Самоходка, и вправду, поводя железными боками, резво лавировала меж хитросплетения улиц. Движения кучера были порхающими, ласковыми, будто кошку гладил. Двигал стержнями и чему-то улыбался сквозь усы. Беса почти привыкла и к Жереху, и к его машине, и даже к воровке, притулившейся рядом и согревающей продрогшую было Бесу теплым боком. Впереди блеснула река — самоходка взлетела на мост. Оттуда — мир будто в ладони, видны и расписные терема, и людову толкотню, и над всем миром — небесный свод, Сваргом сотворенный из хрусталя, где, будто червонец, сияло Сваржье око.
— Ну, вот и прибыли, — услышала Беса голос Полады.
Самоходка сбавила бег, задрожала, запыхтела, плюясь сметанным дымом, и встала у белых колонн. Над ними сияла медная вязь:
«АПТЕКАРСКIЙ ПРИКАЗЪ. СОБРАНИЕ ФАРМАЦЕВТИЧЕСКИХЪ И ДРУГИХ УЧЕНЫХЪ ОБЩЕСТВЪ»
— Спасибо за доброту, — поклонилась Беса, как учила маменька. — Далее я сама.
— Коли нужда придет, так возвращайся к станции, — отозвалась Полада. — Меня не будет — подружек пришлю, поможем миром.
На прощанье приобняла Бесу за плечи — мягко, тепло, как маменька.
Беса опустила голову, скрывая увлажнившееся глаза. Так, не глядя, взбежала по ступеням и дернула колокольчик.
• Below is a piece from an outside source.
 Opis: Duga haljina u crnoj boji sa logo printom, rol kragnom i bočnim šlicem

— Чего изволите-с? — на пороге явился придверник, разодетый в зеленый сюртук с алыми обшлагами, да в зеленую с золотым кантом шапочку. При виде Бесы убрал льстивую улыбку, прикрикнул: — В другом месте подаяние проси, беспутный!
— Я не за этим! По надобности! — Беса упрямо протиснулась в дверь. Придверник перекрыл собою проем и встал, растопырив локти. — Людена ищу! Лекаря! Вот!
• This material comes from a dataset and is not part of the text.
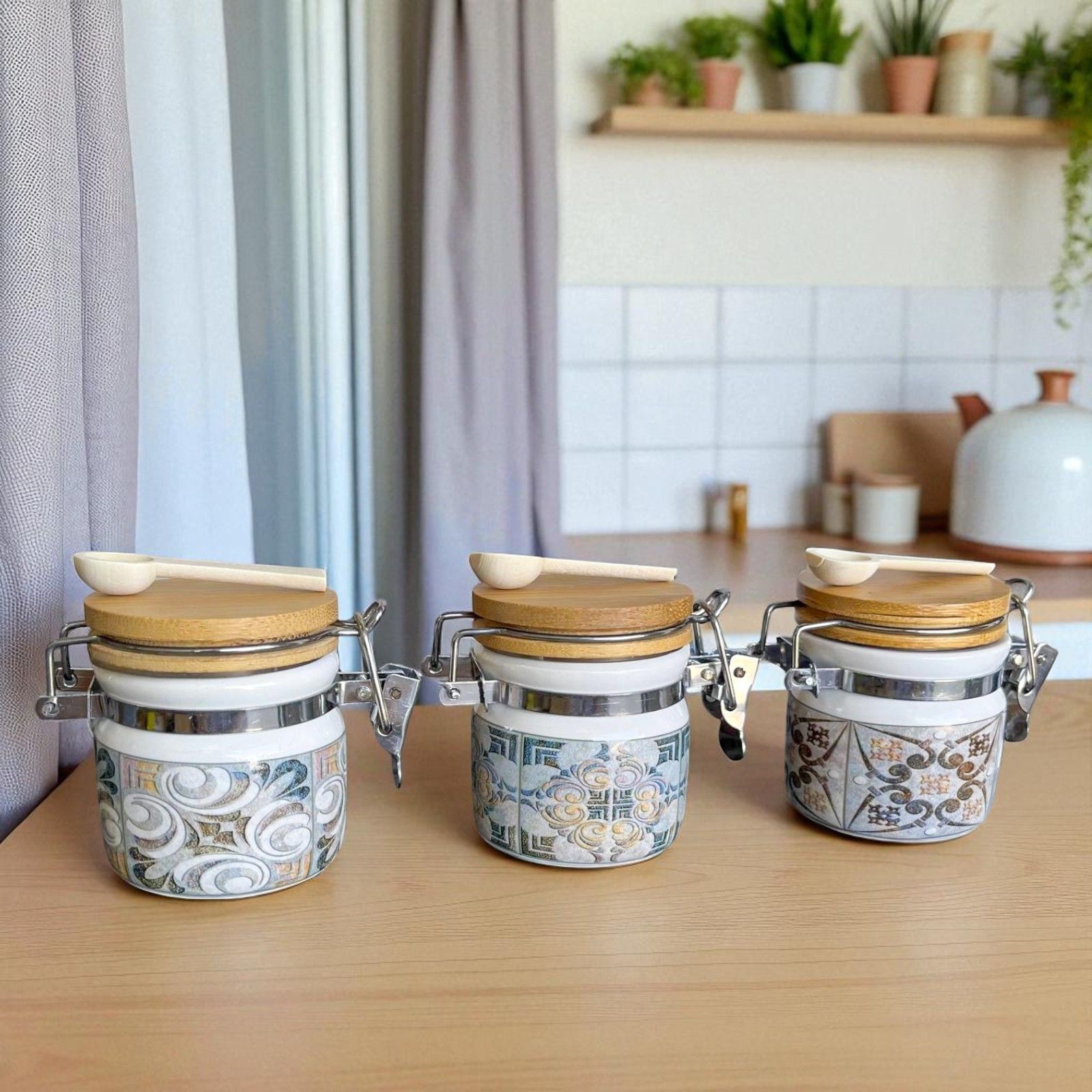 Vasetti ermetici bomboniere portaconfetti in porcellana lucida con tappo in legno naturale, con decorazioni a fantasia maiolica che ricordano gli affreschi pompeiani per un effetto vintage assicurato! I barattolini sono tutti con chiusura ermetica a gancio e arrivano provvisti di piccolo cucchiaino in legno.

Она потрясла бумажкой с гербовой печатью и княжеским вензелем благодетеля.
— А ну, дай!
Придверник забрал бумажку с видимой брезгливость, вчитался:
— Хорс Яков Радиславович, доктор медицины и философии, член Червенского ученого сообщества… Хм! — отняв от бумажки глаза, с недоброй усмешкой глянул на Бесу. — Нету здесь такого.
— Как нету? — опешила Беса и принялась тыкать в листок. — Вот печать. Вот подпись.
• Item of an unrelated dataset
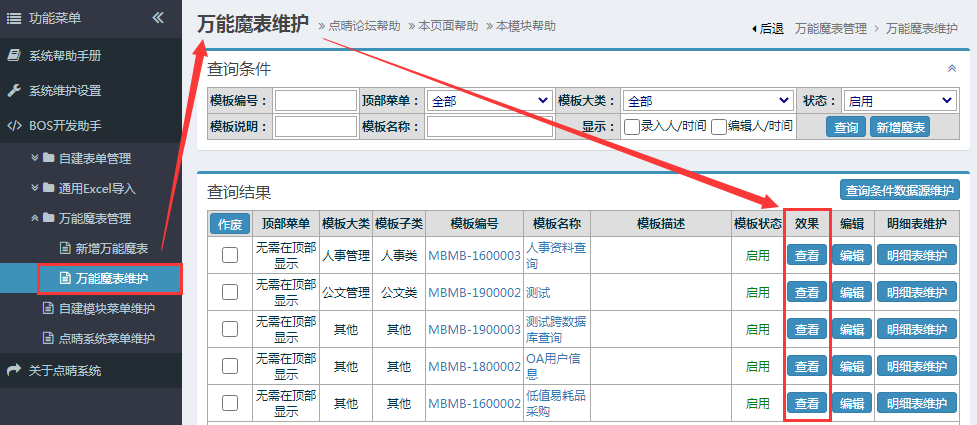 操作步驟:設置——萬能魔表管理——萬能魔表維護——點擊對應的主表后面的“明細表維護”按鈕;如下圖所示:

— Гнусная подделка. Исключили твоего Хорса еще в прошлый жнивень. Теперь лишен и верительной грамоты, и княжеской милости. А за это, — снова потряс бумажкой, — за подделку печати и вензеля знаешь, что следует?
Беса слушать не стала, выпала спиной в погожий полдень и пустилась прочь — встреч с надзирателем она не хотела, как не хотела обвинений в мошенничестве или, того хуже, измене князю. Только скрывшись за поворотом, перевела дух и прижала к лицу горячие ладони. В чужом городище — одна, без семьи, без денег и поручителя, еще и обманутая заезжим лекарем. Еще никогда ей не было так обидно и горько.
Глава 6. Нечестный поединок
Усладный Дом гремел музыкой. Дрожали стены от лихого перестука каблуков, летели бабы — кто в расшитых платьях, кто в исподних рубахах. Усы мужиков блестели от медовухи. Провожали недобрыми взглядами незнакомца в надвинутом на самые брови котелке: походка у него чеканная, спина прямая, воротничок накрахмален — как есть барин, не чета завсегдатаям.